> [SUPPLIED ENTRIES]:
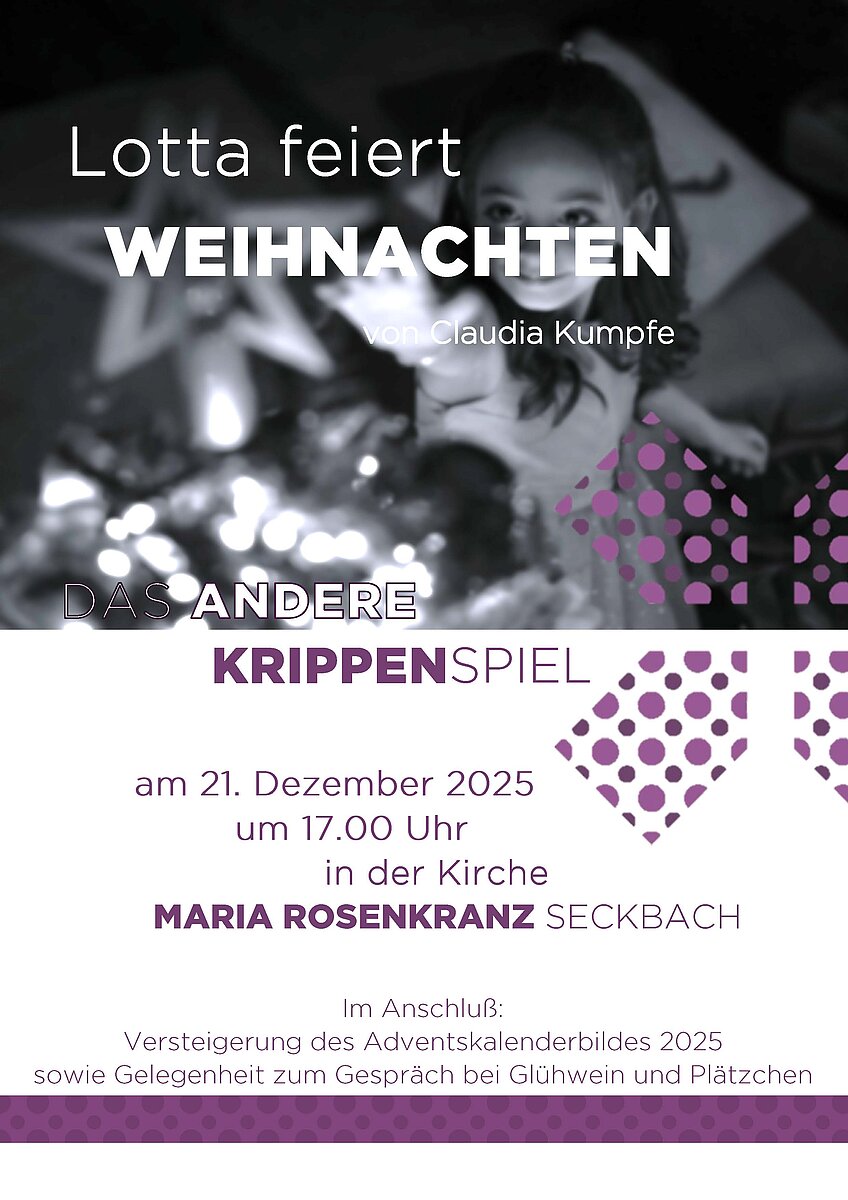 Das Krippenspiel für Erwachsene ist seit 15 Jahren Bestandteil des Seckbacher Adventskalenders. Entstanden ist dieses besondere Event aus dem Engagement einiger Kindergarteneltern, die in Eigenregie die Krippenspiele realisierten. Inzwischen spielen die Eltern der nächsten Generation mit den ehemaligen Kindern unserer Kita.
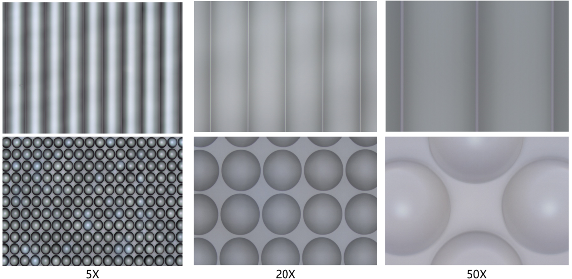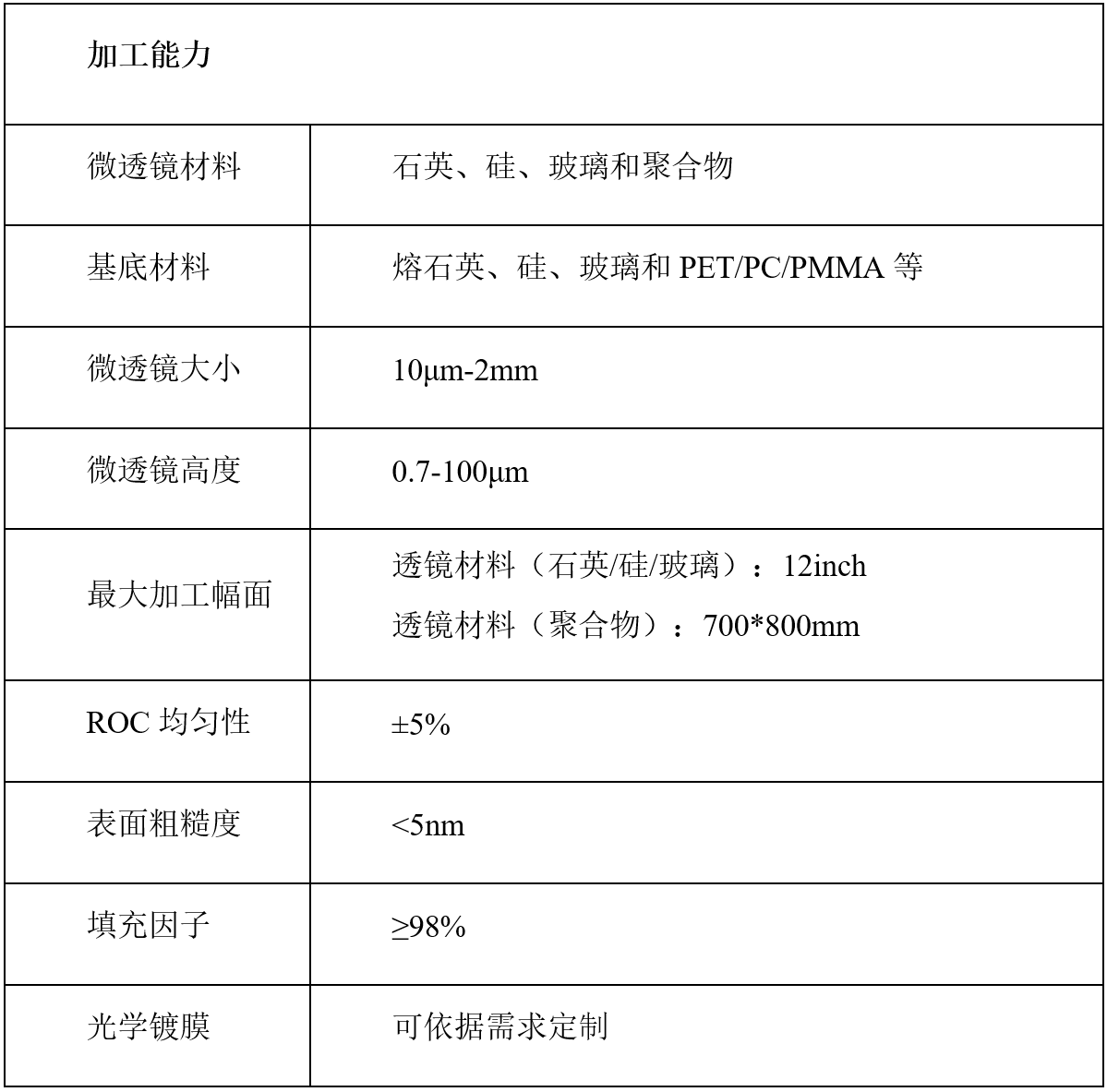 目前,我們采用納米壓印技術(shù)加工微透鏡陣列,可以在玻璃、PET/PC、硅、金屬或集成電路晶圓等各種材料或器件表面制作微透鏡陣列。微透鏡的材質(zhì)是高透光率、耐高溫的聚合物,如環(huán)氧樹脂或丙烯酸酯。
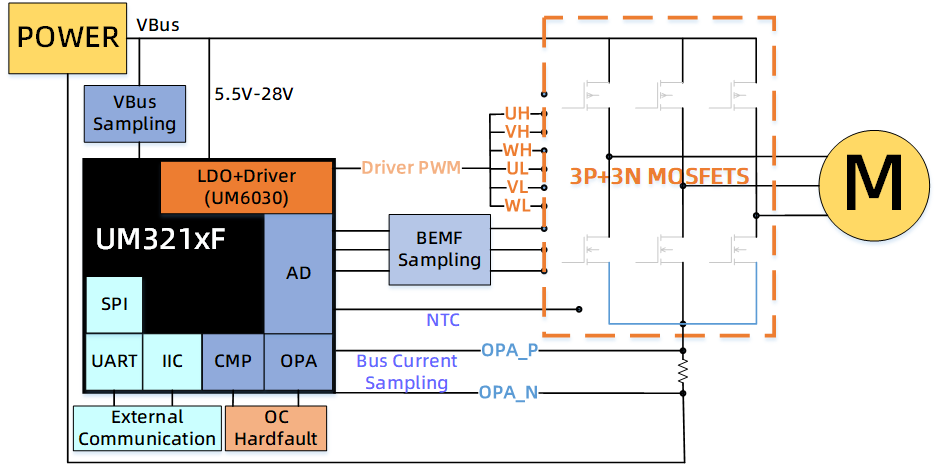 1.内置5V LDO Power电源直接输出至MCU(支持5.5-24V宽电压输入);3.内置3路比较器快速直接获取反电势信号或硬件过流保护 ;4.PWM支持与比较器的联动,异常情况紧急停机保护机制,有效防止功率元器件损坏;6.丰富的外设接口(SPI/UART/IIC/CAN),支持多传感器扩展功能;7.板极ESD设计可靠度可达8KV以上,得益于太阳成集团tyc122ccUM321xF芯片优异的ESD性能;8.高集成度、高可靠性、低功耗MCU,电机控制相关外围器件只有40个左右,大大降低设计及生产成本,降低器件失效不良率。
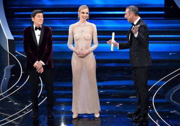 E ieri sera? Riprendo la cronaca da dove l’ho lasciata, cioè all’esibizione dei Pooh. Quindi dal monologo di Chiara Ferragni: si presenta in scena con un vestito naked dress con un ricamo trompe l’oeil del suo corpo: “Non sono nuda – spiega – è un disegno del mio corpo”.
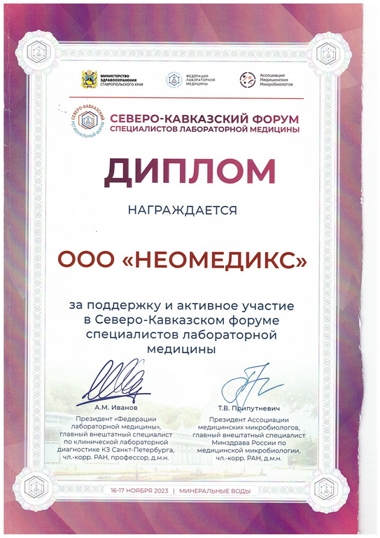 ГК «НЕОМЕДИКС» разработана программа кредитных поставок постоянным клиентам и осуществляется инвестирование в ряд проектов по внедрению в практику российского здравоохранения инновационных технологий мировой лабораторной диагностики.
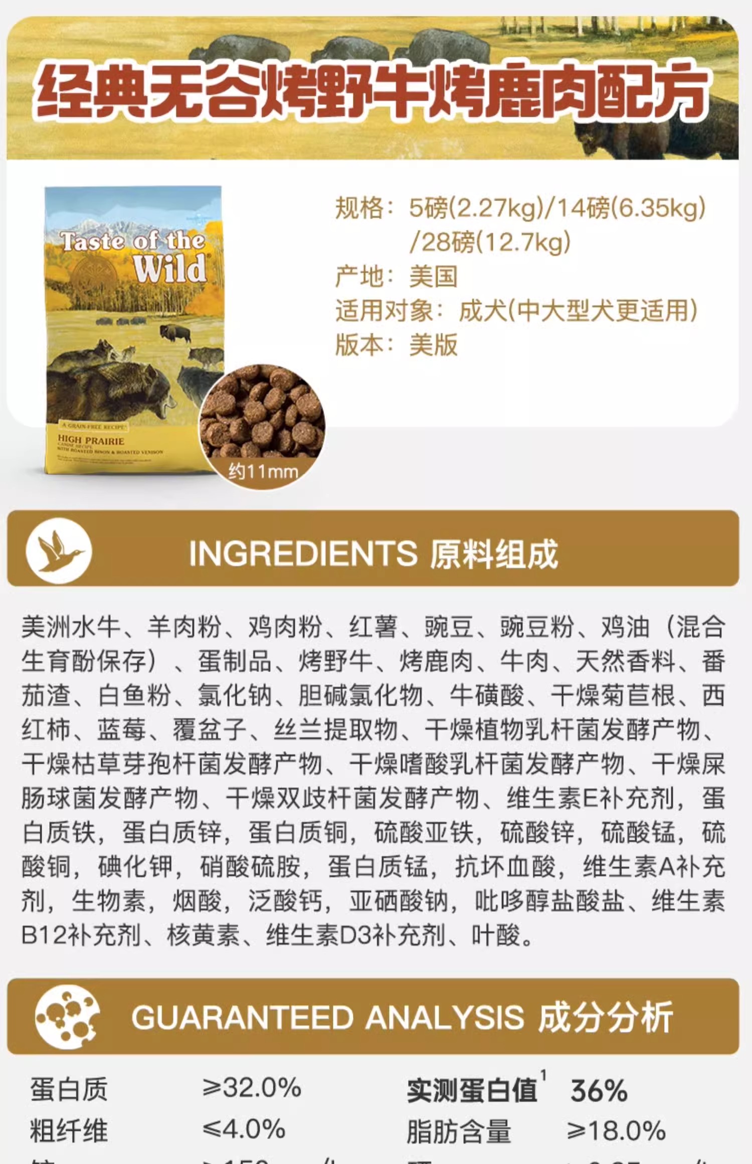 【保税仓】无谷烤鹿肉+烤野牛肉配方犬粮12.2kg(有效期至25年10月)
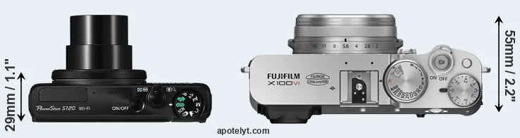 The physical size and weight of the Canon S120 and the Fujifilm X100VI are illustrated in the side-by-side display below. The two cameras are presented according to their relative size. Three consecutive views from the front, the top, and the rear side are shown. All size dimensions are rounded to the nearest millimeter.

> [WHAT THE EXERCISE ASKS]:
Repeat word for word, and nothing more, the lines between the line containing "E ieri sera?" and the last line of the records above, inclusive, without pictures.

> [RESPONSE TO THE TASK]:
 E ieri sera? Riprendo la cronaca da dove l’ho lasciata, cioè all’esibizione dei Pooh. Quindi dal monologo di Chiara Ferragni: si presenta in scena con un vestito naked dress con un ricamo trompe l’oeil del suo corpo: “Non sono nuda – spiega – è un disegno del mio corpo”.
 ГК «НЕОМЕДИКС» разработана программа кредитных поставок постоянным клиентам и осуществляется инвестирование в ряд проектов по внедрению в практику российского здравоохранения инновационных технологий мировой лабораторной диагностики.
 【保税仓】无谷烤鹿肉+烤野牛肉配方犬粮12.2kg(有效期至25年10月)
 The physical size and weight of the Canon S120 and the Fujifilm X100VI are illustrated in the side-by-side display below. The two cameras are presented according to their relative size. Three consecutive views from the front, the top, and the rear side are shown. All size dimensions are rounded to the nearest millimeter.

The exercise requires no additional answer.